Stream #0:7[0x8]: Subtitle: eia_608 (c608 / 0x38303663), 0 kb/s (default)

Metadata:

handler_name : ClosedCaptionHandler

in reply to:  23 ; comment:25 by softworkz, 73 minutes ago

Replying to Devin Heitmueller:

Ok, so a few comments.

The MP4 format can certainly do a dedicated 608 track (i.e. it doesn't have to be embedded in SEI).

Sure, but that doesn't help Zach for broadcasting, where the CCs need to be in the video stream.

in reply to:  25 comment:26 by Devin Heitmueller, 62 minutes ago

Replying to softworkz:

Sure, but that doesn't help Zach for broadcasting, where the CCs need to be in the video stream.

We don't have definitive requirements about how the file should be formatted. Some playout systems are fine with the captions being in a separate stream (in particular if the MP4 will go through a playout system that outputs as SDI). Hence hearing "for broadcast" doesn't really mean much, since you would never broadcast an MP4 container without some form of processing.

That said, if Zach really does need it in the SEI stream, then agreed we would probably have to make some code changes. The subcc lavfi feature lets you go from SEI to an AVPacket stream, but we don't really have a solution today to go in the other direction.

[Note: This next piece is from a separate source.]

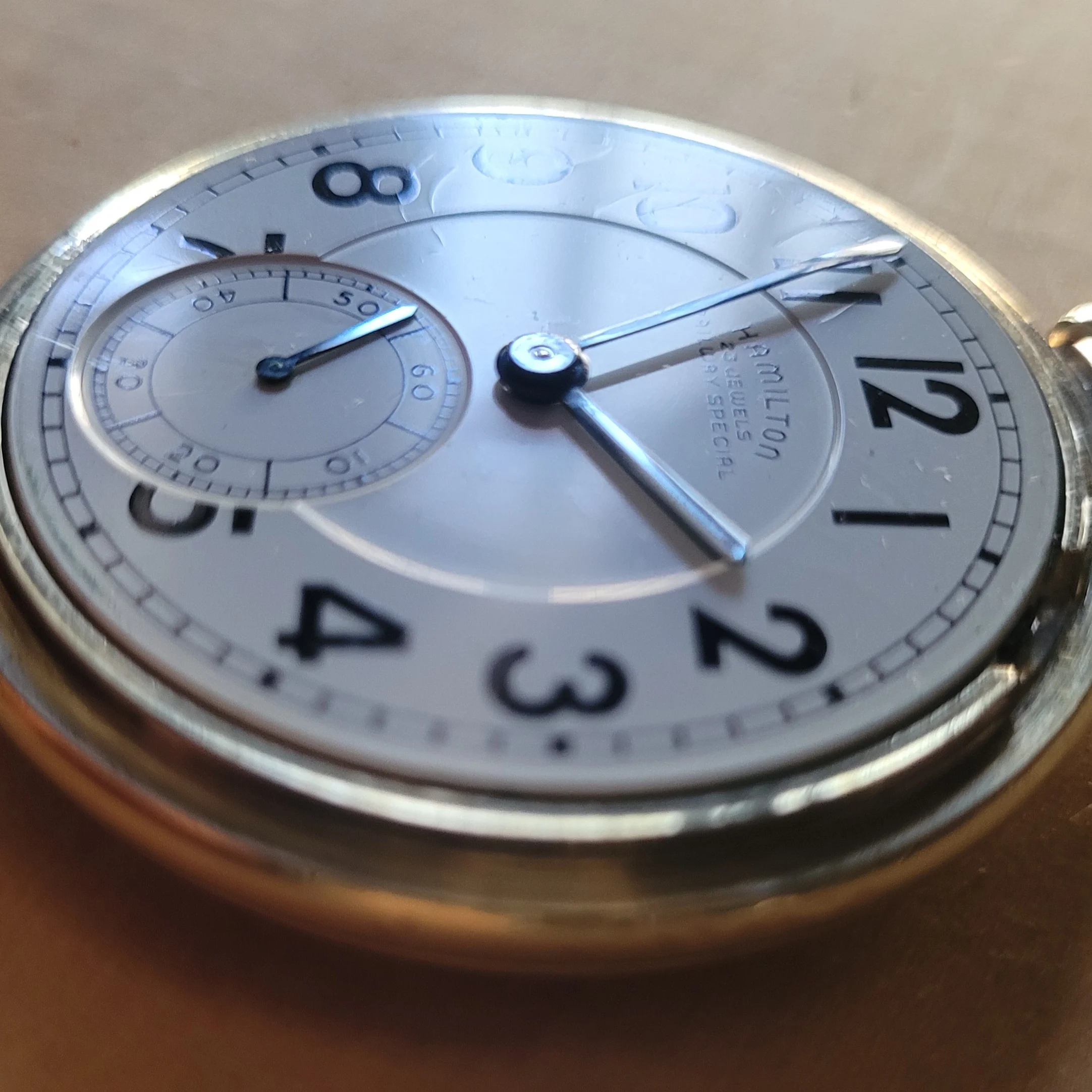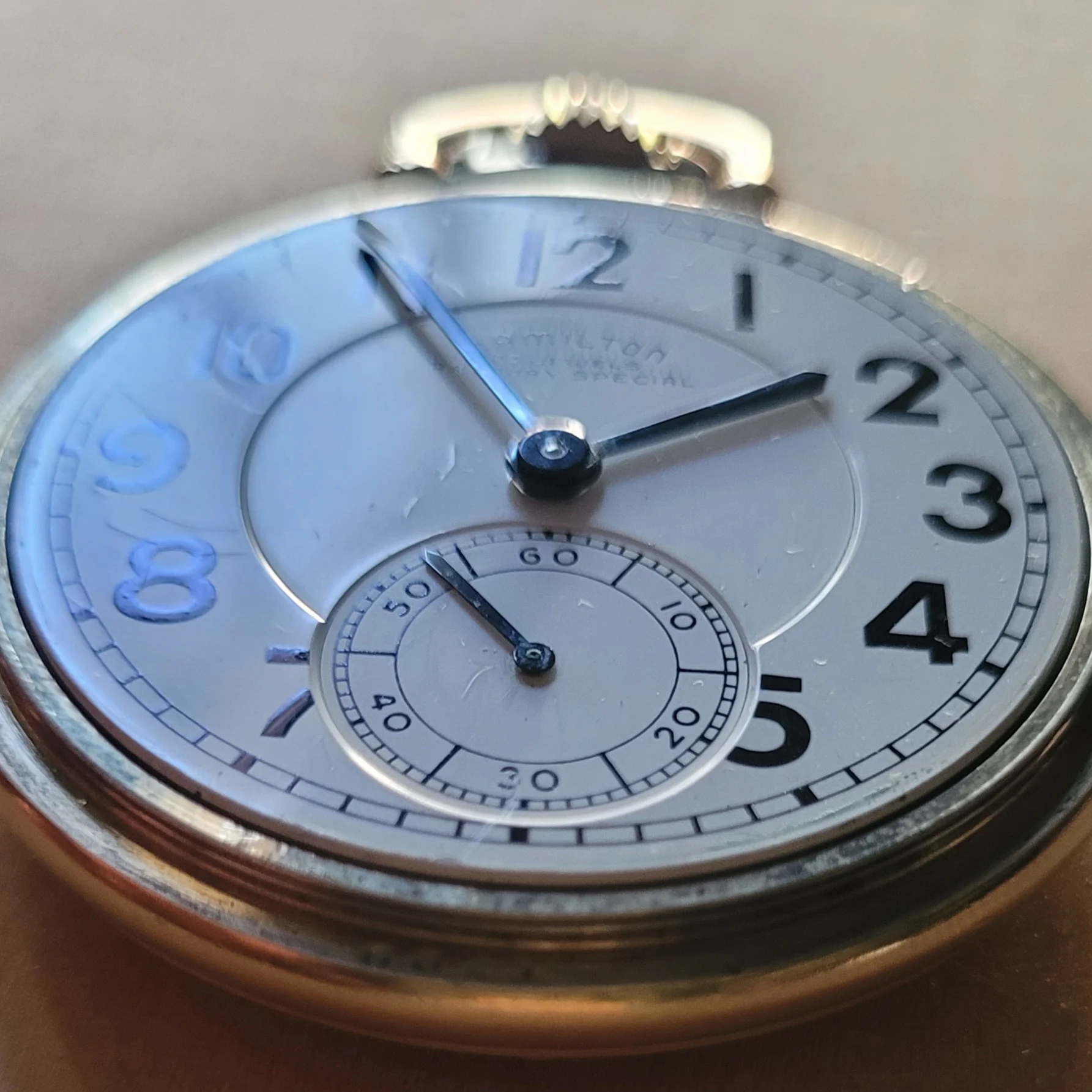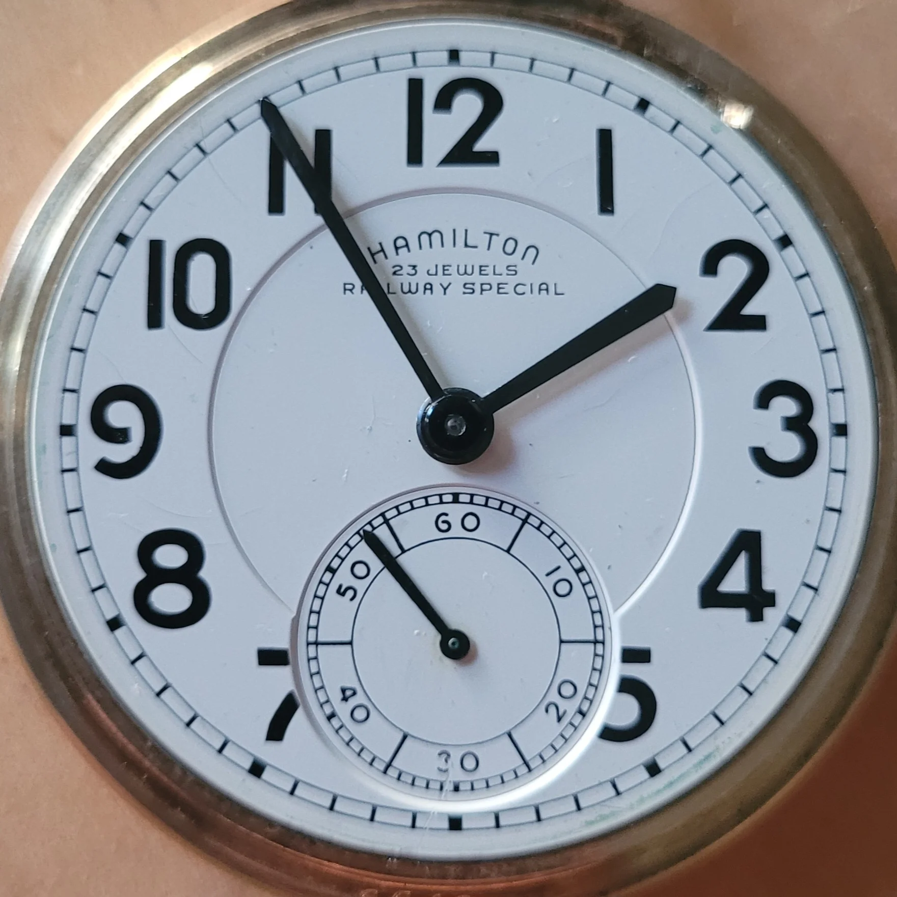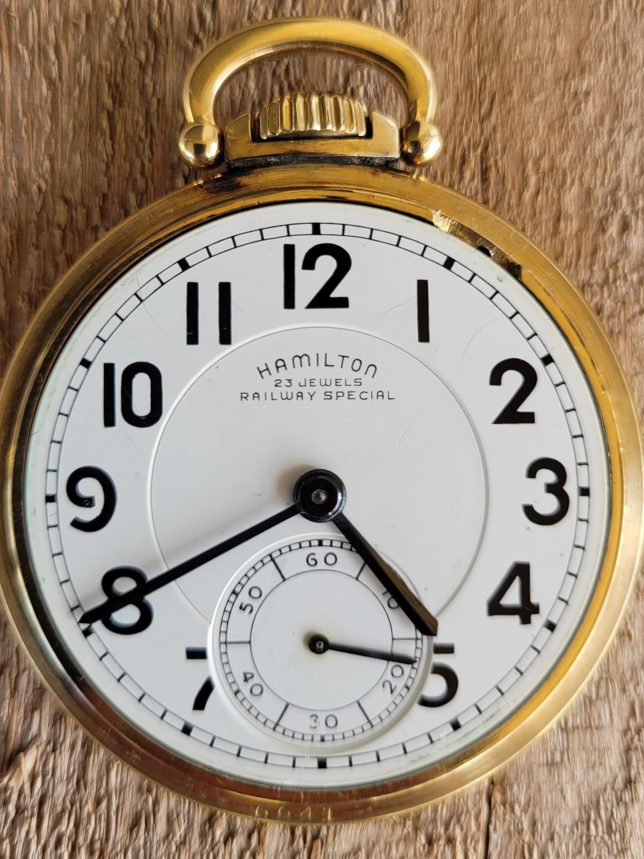 Earlier in this thread, I posted a picture of my Hamilton 950B which has had a double sunk vitreous enamel dial fitted to it. It came to me with a melamine dial which was factory original. When the vitreous enamel dial became available, I liked it better. I have saved the original melamine dial. I am showing my Hamilton 950B with the vitreous enamel dial again, along with a picture of the original melamine dial. The 950B posted by @Waltesefalcon sure appears to me to have a vitreous enamel dial, not melamine. You sure it is melamine?

And yes, the "one in, one out" limitation of the BSF framework really does make this harder, since you can't write a BSF to mix data from two separate streams.

Also, I'm assuming that he wants to do this entirely in the compressed domain without re-encoding the video. I would probably suggest two different approaches depending on whether it needs to be done entirely in the compressed domain versus if we just have to be able to get the 608 stream recombined with the video AVFrames prior to encoding.